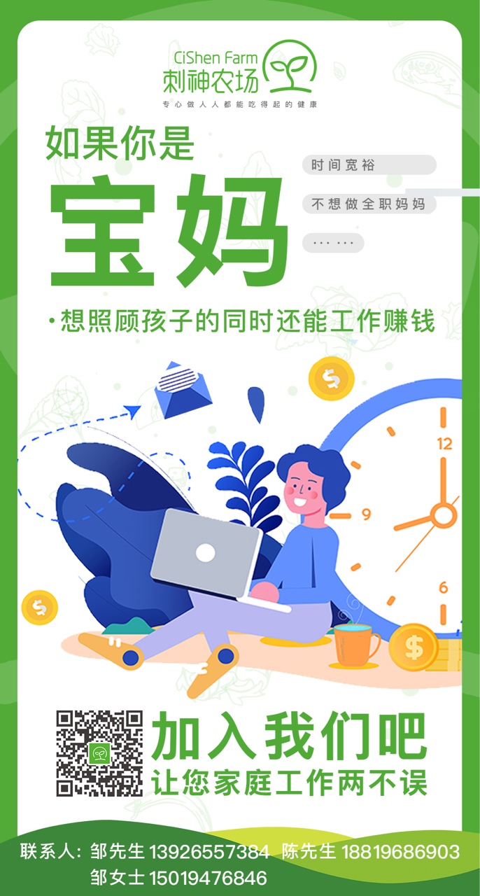 二,成为我们的社区合伙人。发展所在社区和周边社区的邻里一起团购,让更多人吃上健康食材。(如果已经在业主群,邻里群,妈妈群或者以前做过微商,有社区客户资源,可以以此为起点召集第一批邻里),开启大农业事业。13926557384邹生
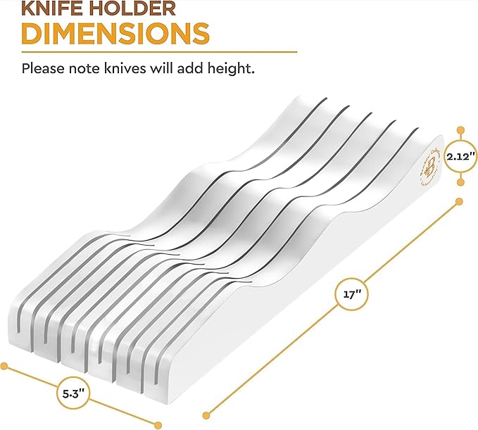 • ORGANIZES: Enjoy the results of owning this knife drawer organizer — your utensils drawer will always look great. You can see and access any knife easily.
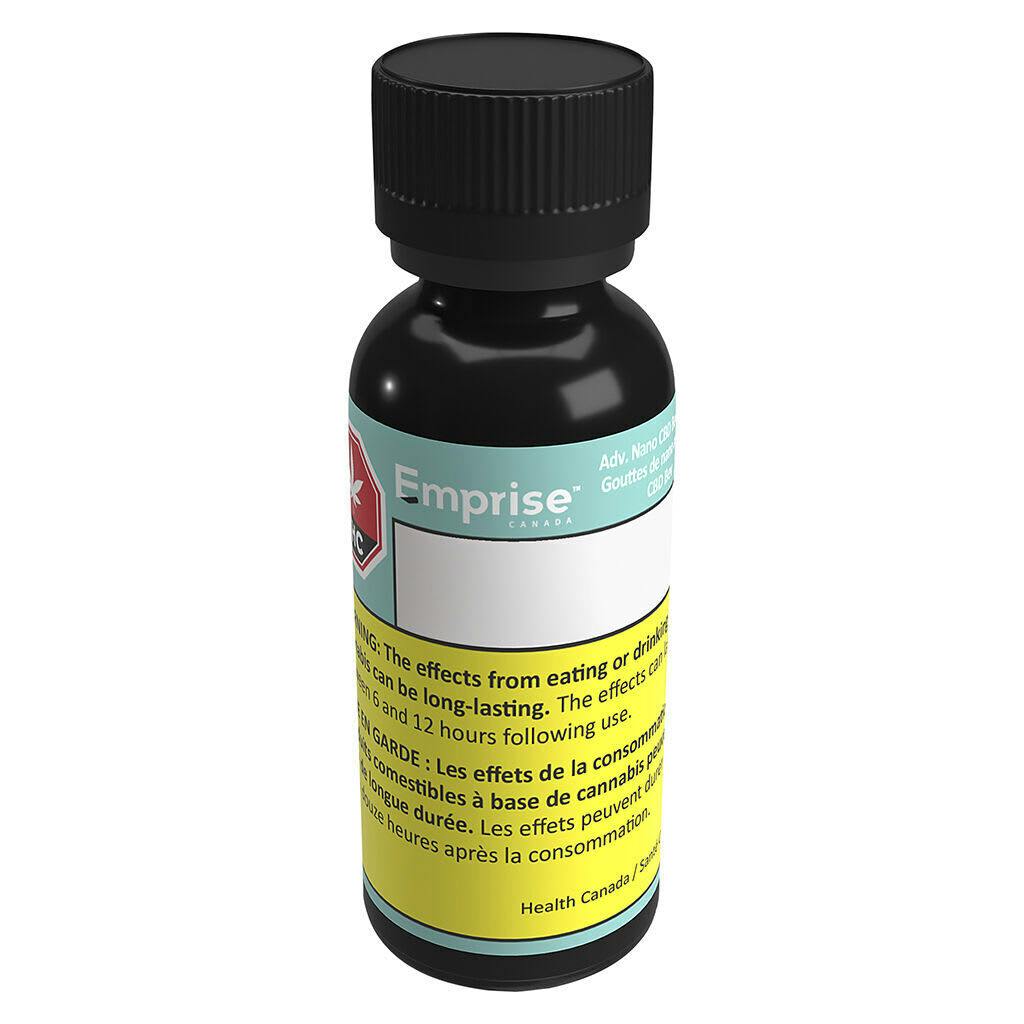 Emprise’s Adv. Nano CBD BevDrops contain 15 mg/g of CBD-dominant product in a water-soluble format. This product is formulated to be added to a beverage. Each bottle contains 30 g of emulsion (450 mg CBD) and a syringe with 1 ml capacity. One syringe dose delivers 15 mg of CBD. Perfected over 3 years of R&D to dissolve instantly in any beverage for a colourless, odourless and tasteless CBD infuser in your favourite flavoured beverage. The future of CBD consumption is here.

**Exercise instructions**
Word for word, return the material above; the pictures stay out.

**Written answer**
 二,成为我们的社区合伙人。发展所在社区和周边社区的邻里一起团购,让更多人吃上健康食材。(如果已经在业主群,邻里群,妈妈群或者以前做过微商,有社区客户资源,可以以此为起点召集第一批邻里),开启大农业事业。13926557384邹生
 • ORGANIZES: Enjoy the results of owning this knife drawer organizer — your utensils drawer will always look great. You can see and access any knife easily.
 Emprise’s Adv. Nano CBD BevDrops contain 15 mg/g of CBD-dominant product in a water-soluble format. This product is formulated to be added to a beverage. Each bottle contains 30 g of emulsion (450 mg CBD) and a syringe with 1 ml capacity. One syringe dose delivers 15 mg of CBD. Perfected over 3 years of R&D to dissolve instantly in any beverage for a colourless, odourless and tasteless CBD infuser in your favourite flavoured beverage. The future of CBD consumption is here.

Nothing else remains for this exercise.